The questions can go on and on. But you can see how very quickly you’ll find a place to start. Once you start fleshing this stuff out, you’ll begin to identify the hero’s strengths and weaknesses. You’ll define the types of challenges he’ll face, the enemies he (or she) will encounter and how they behave, react and use this landscape to their advantage. Just a few sentences can pose a ton of questions, probably more than you can answer. But situational writing is a great way to get started building the world your hero will live in and the rules, advantages and challenges that will make playing as him (or her) fun.

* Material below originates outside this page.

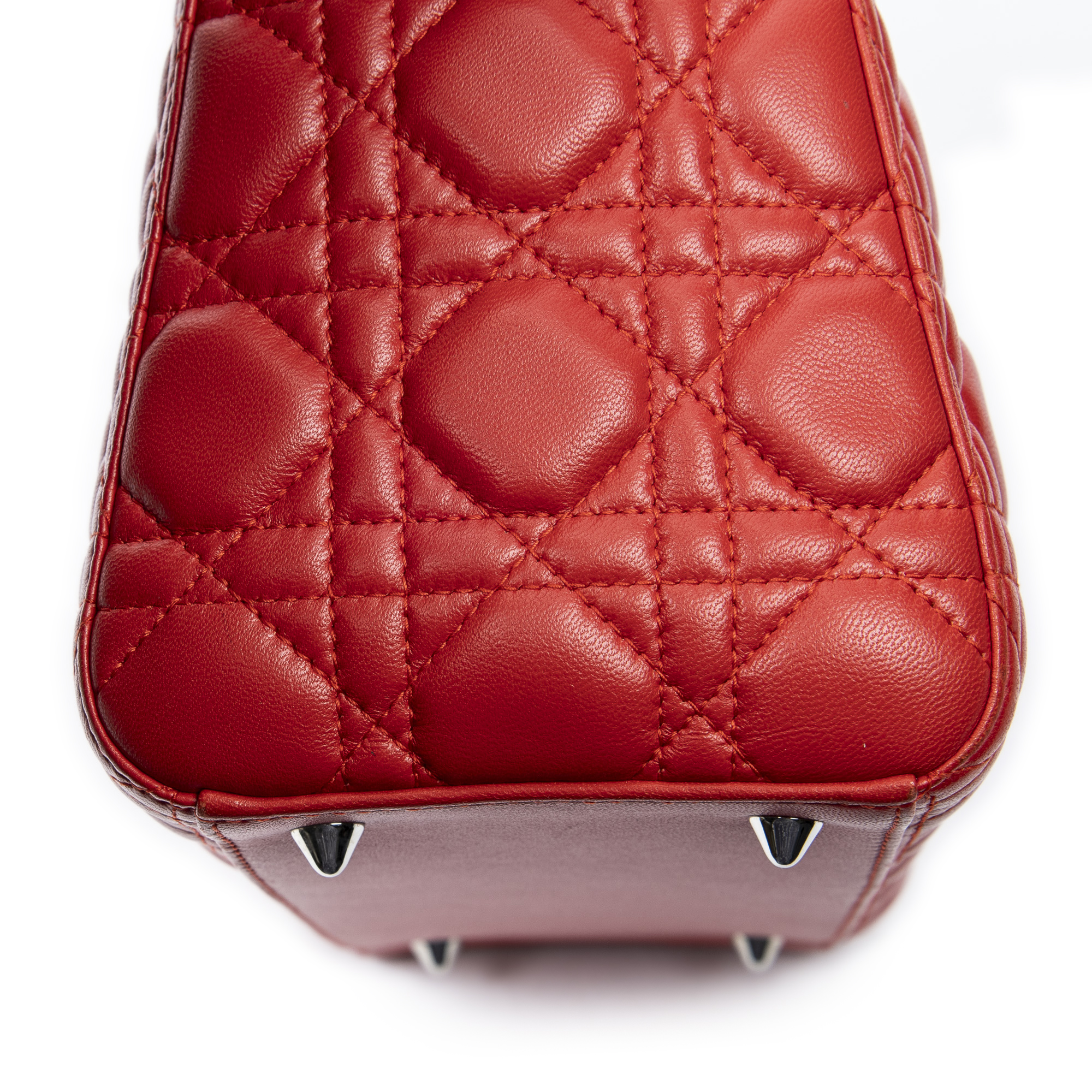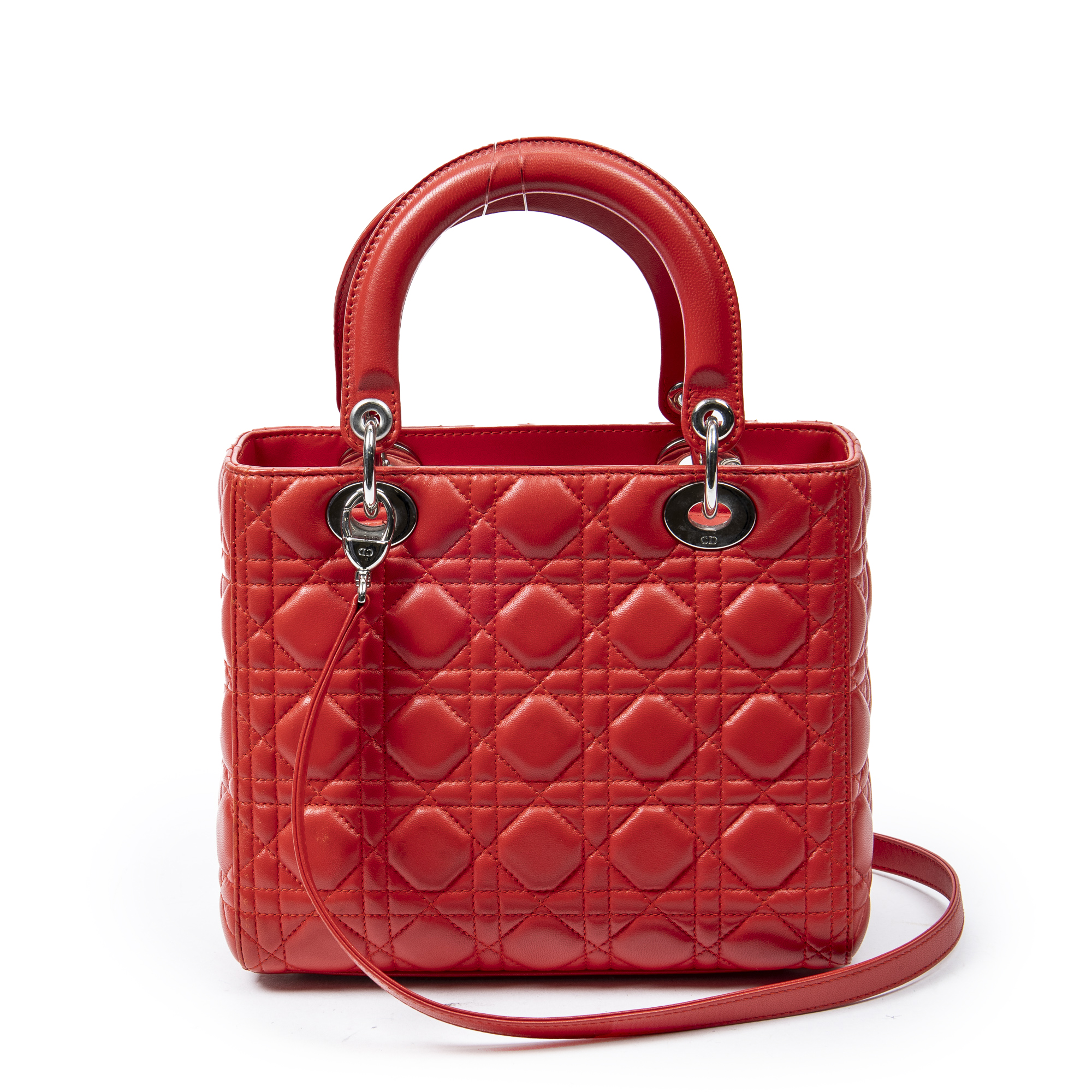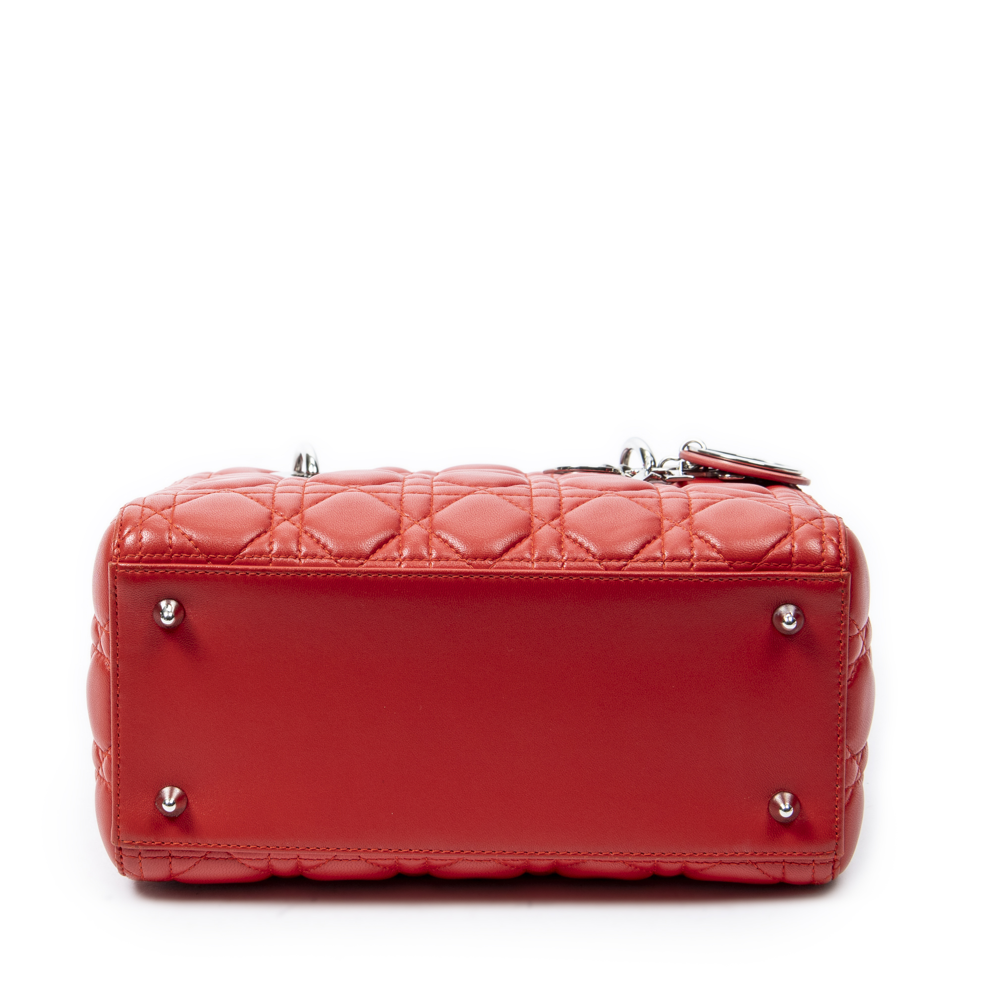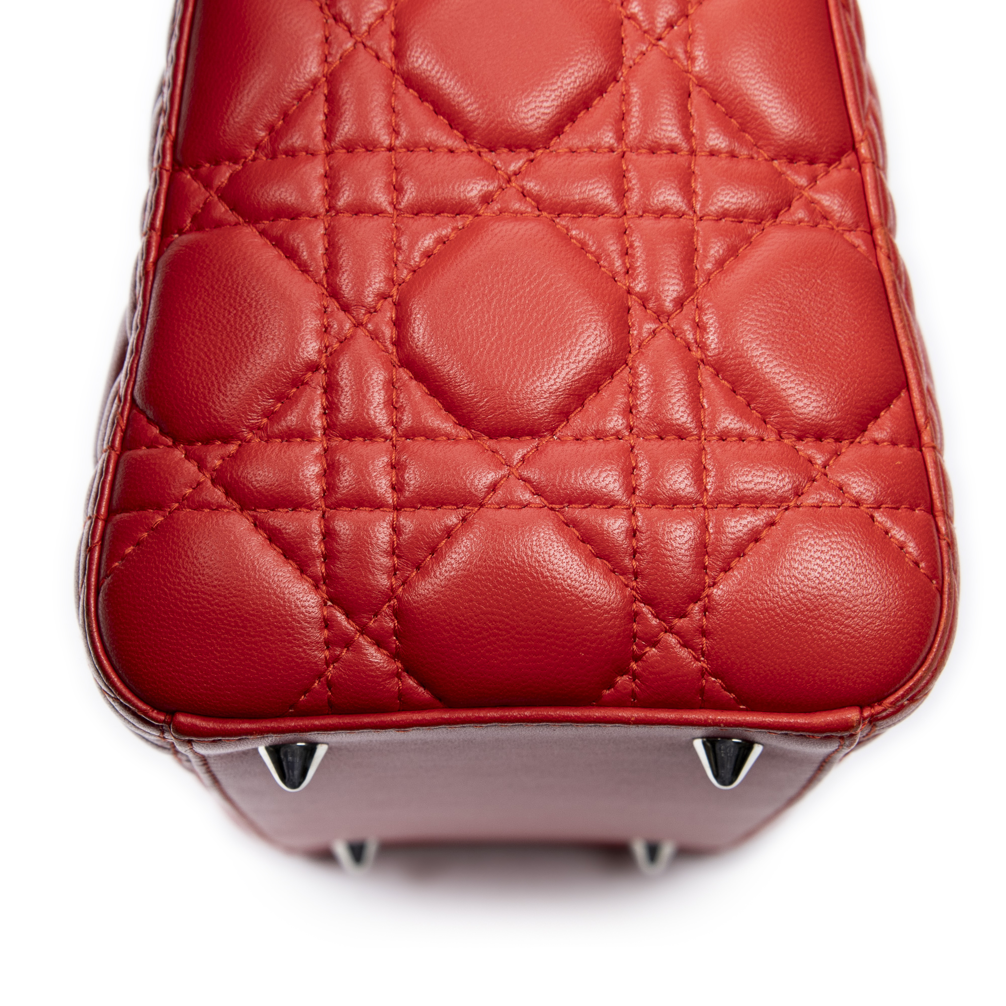 Dior sac à bandoulière Medium Lady Dior Zip en Red et argent. Le produit est en Excellent état (A).

By the way, if somebody wants to make this game… go for it. If not, maybe I will ;)

UPDATE: I received some good feedback on this article and it appears that I wasn’t clear on how story and mechanics interrelate. Typically, they do not or at least they do not have to. If you changed the characters and objects in Super Mario Bros. the mechanics of the game probably wouldn’t change . The story doesn’t dictate how he jumps, how fast he runs and certainly not why Flower + Person = Fire. The intention of this article was to suggest one way you can get yourself started if you’re staring at a blank page. If you’ve got nothing, thins kind of thinking can shake ideas loose. You can reverse engineer a story into a game, then work forward as if you had started from the mechanics you stumbled on through situational writing. Thanks for the feedback!